There had been strict guidelines as to the makeup of each diocesan delegation. A certain proportion should be lay people, a certain proportion should be under 40, a certain proportion should be LGBTI, and the range of views within the diocese should be represented within the delegation. (My observation was that dioceses had struggled to do this. Although there was a good proportion of lay people, and a fair number of LGBTI people, there were few under 40, and it had been hard to represent the more conservative end of the argument when various groups had advised their members not to attend). I was part of the Southwell & Nottingham group.

Overall, the conversations represented Anglicanism at its best – finding a way to talk and share communion with each other despite our differences. As Richard Coles (who was at the same gathering) said in his Pause For Thought reflection, we didn’t find the answers, but what we did find was (in his words) that our non-negotiables seem a bit more negotiable when we explore them together rather than using them as barriers to keep each other out.
The value of exploring our positions in the company of those we disagree with (as opposed to arguing with each other) is that we can see where the differences between us really lie, and as might be expected we often find that they are not where we might have thought. There were some great moments over the days we had together where there was a palpable sense that misconceptions were being set aside, and those who fundamentally disagreed with each other took the time to see each other clearly and left with a greater respect for each other. In particular, there was a session where one of the self-described conservatives sat with a group of self-confessed liberals and listened to all the things they wanted him to hear, before stating his own position as clearly and non-defensively as he could. Rather like a lion in a den of Daniels, as someone described it later. Nobody changed their minds about what they believed. But I think everyone came away with a real sense of respect for each other as people sincerely trying to live their lives as disciples of Christ.

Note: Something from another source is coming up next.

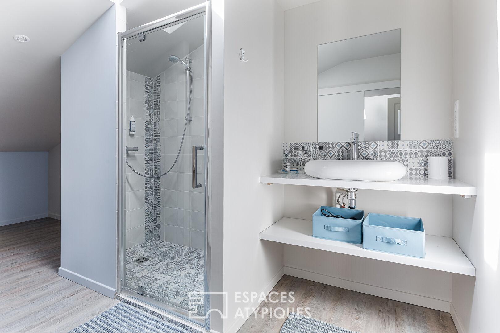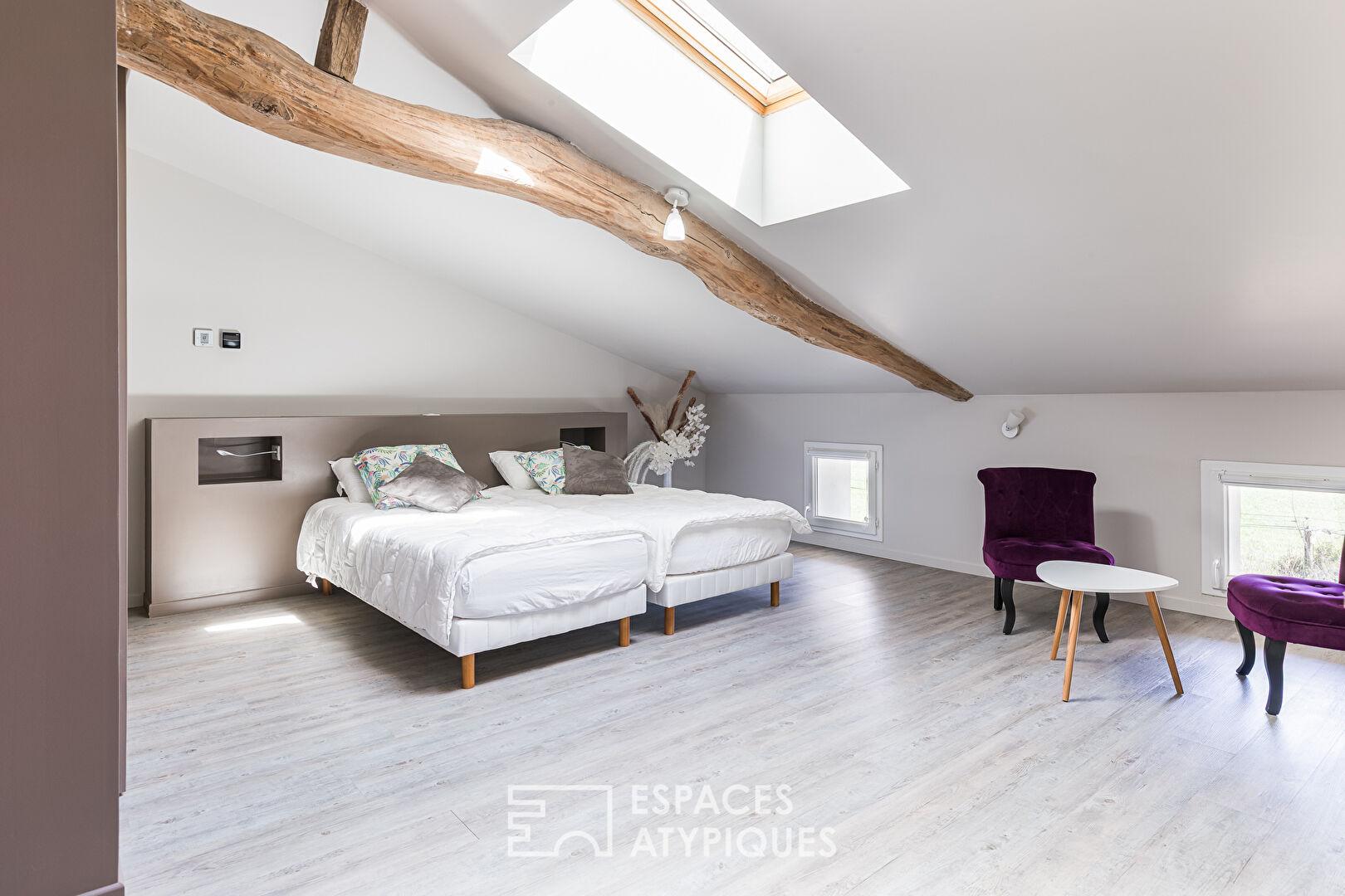 L’espace nuit privatif accueille quatre chambres en suite, dont une en rez-de-chaussée et une avec baignoire, dans une atmosphère chaleureuse et raffinée.

So overall, I felt the Conversations were a positive thing and I sincerely hope that they help the church as we move forward together. However, I came away with a feeling of great sadness that I haven’t been able to shake. I took the time while I was there to talk to most of the people who were self-confessed conservatives. This wasn’t particularly onerous – they were all quite congenial and they were all evangelical (if there were conservative catholics in our gathering I don’t think I met them), so they were my people, we shared a common language. Although I think we were able to identify the areas where we disagreed (and this has given me much to ponder over) there was a great deal on which we agreed. Yet from all of them, I had the unmistakeable sense that they were disengaging from the debate. Not on a personal level – I think those who were there genuinely contributed to the Conversations – but they were self-consciously representatives of a grouping that was disengaging from the debate. Almost every one of them talked about what it would take for them to leave the church. Some seemed convinced it would happen, and sooner rather than later. And these, of course, were the conservatives who were independently-minded enough to disregard the advice of Reform to boycott the Conversations. Reform’s position in itself indicates an even more significant level of disengagement that is prevalent amongst many conservatives. I had the frustrating sense that there was a good and worthwhile conversation just starting, very hesitantly, to begin, and yet that one ‘side’ had already decided that conversation had been exhausted and was getting ready to walk out.

I’m not sure where that leaves the Church of England. It leaves me, as an evangelical anglican feeling, as I said to someone at the conversations, like a child watching their parents go through a nasty divorce, conscious that at some point I’m going to have to decide which one I’m going to have to live with.